Immediately, we notice that:
"ask" appears two times
"what" appears two times
"your" appears two times
"country" appears two times
"can" appears two times
"do" appears two times
"for" appears two times
"you" appears two times
Ignoring the difference between capital and lower-case letters,
roughly half of the phrase is redundant. Nine words -- ask, not, what,
your, country, can, do, for, you -- give us almost everything we need
for the entire quote. To construct the second half of the phrase, we
just point to the words in the first half and fill in the spaces and
punctuation.
Most compression programs use a variation of the LZ adaptive
dictionary-based algorithm to shrink files. "LZ" refers to Lempel and
Ziv, the algorithm's creators, and "dictionary" refers to the method
of cataloging pieces of data.
The system for arranging dictionaries varies, but it could be as
simple as a numbered list. When we go through Kennedy's famous words,
we pick out the words that are repeated and put them into the numbered
index. Then, we simply write the number instead of writing out the
whole word.
So, if this is our dictionary:
1. ask
2. what
3. your
4. country
5. can
6. do
7. for
8. you
Our sentence now reads:
"1 not 2 3 4 5 6 7 8 -- 1 2 8 5 6 7 3 4"
If you knew the system, you could easily reconstruct the original
phrase using only this dictionary and number pattern. This is what the
expansion program on your computer does when it expands a downloaded
file. You might also have encountered compressed files that open
themselves up. To create this sort of file, the programmer includes a
simple expansion program with the compressed file. It automatically
reconstructs the original file once it's downloaded.

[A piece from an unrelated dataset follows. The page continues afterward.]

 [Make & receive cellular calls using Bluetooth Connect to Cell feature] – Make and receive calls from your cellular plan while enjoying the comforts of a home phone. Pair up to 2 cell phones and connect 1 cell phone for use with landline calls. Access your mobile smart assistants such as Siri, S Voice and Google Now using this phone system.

But how much space have we actually saved with this system? "1 not 2 3
4 5 6 7 8 -- 1 2 8 5 6 7 3 4" is certainly shorter than "Ask not what
your country can do for you; ask what you can do for your country;"
but keep in mind that we need to save the dictionary itself along with
the file.
In an actual compression scheme, figuring out the various file
requirements would be fairly complicated; but for our purposes, let's
go back to the idea that every character and every space takes up one
unit of memory. We already saw that the full phrase takes up 79 units.

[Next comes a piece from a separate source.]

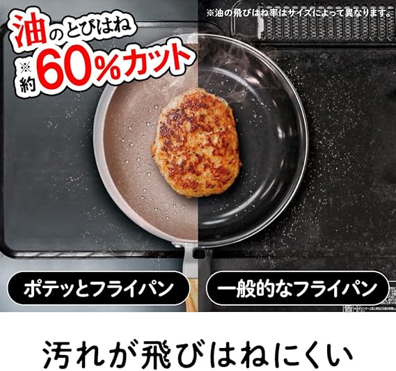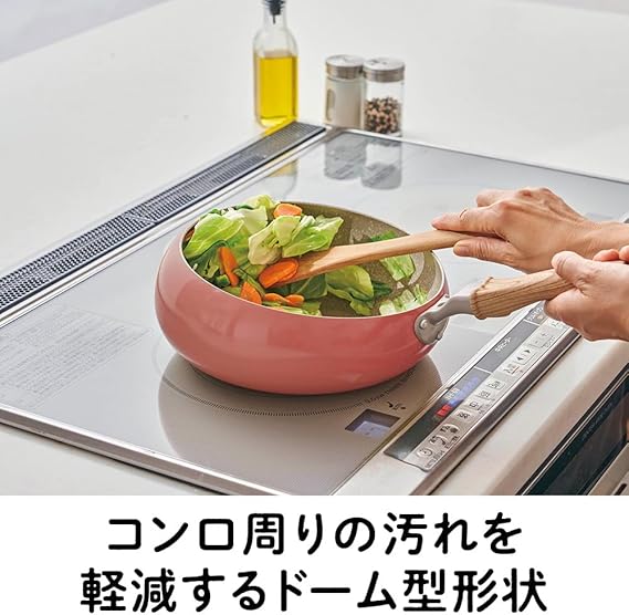汚れが飛び跳ねにくい。側面から先端にかけてドーム型形状なので、通常のフライパンで調理したときに比べて、コンロの周りに汚れが飛び跳ねにくくなっています

Our compressed sentence (including spaces) takes up 37 units, and the
dictionary (words and numbers) also takes up 37 units. This gives us a
file size of 74, so we haven't reduced the file size by very much.
But this is only one sentence! You can imagine that if the compression
program worked through the rest of Kennedy's speech, it would find
these words and others repeated many more times.
In our example, we picked out all the repeated words and put those in
a dictionary. To us, this is the most obvious way to write a
dictionary. But a compression program sees it quite differently: It
doesn't have any concept of separate words -- it only looks for
patterns. And in order to reduce the file size as much as possible, it
carefully selects which patterns to include in the dictionary.
If we approach the phrase from this perspective, we end up with a
completely different dictionary.
If the compression program scanned Kennedy's phrase, the first
redundancy it would come across would be only a couple of letters
long. In "ask not what your," there is a repeated pattern of the
letter "t" followed by a space -- in "not" and "what." If the
compression program wrote this to the dictionary, it could write a "1"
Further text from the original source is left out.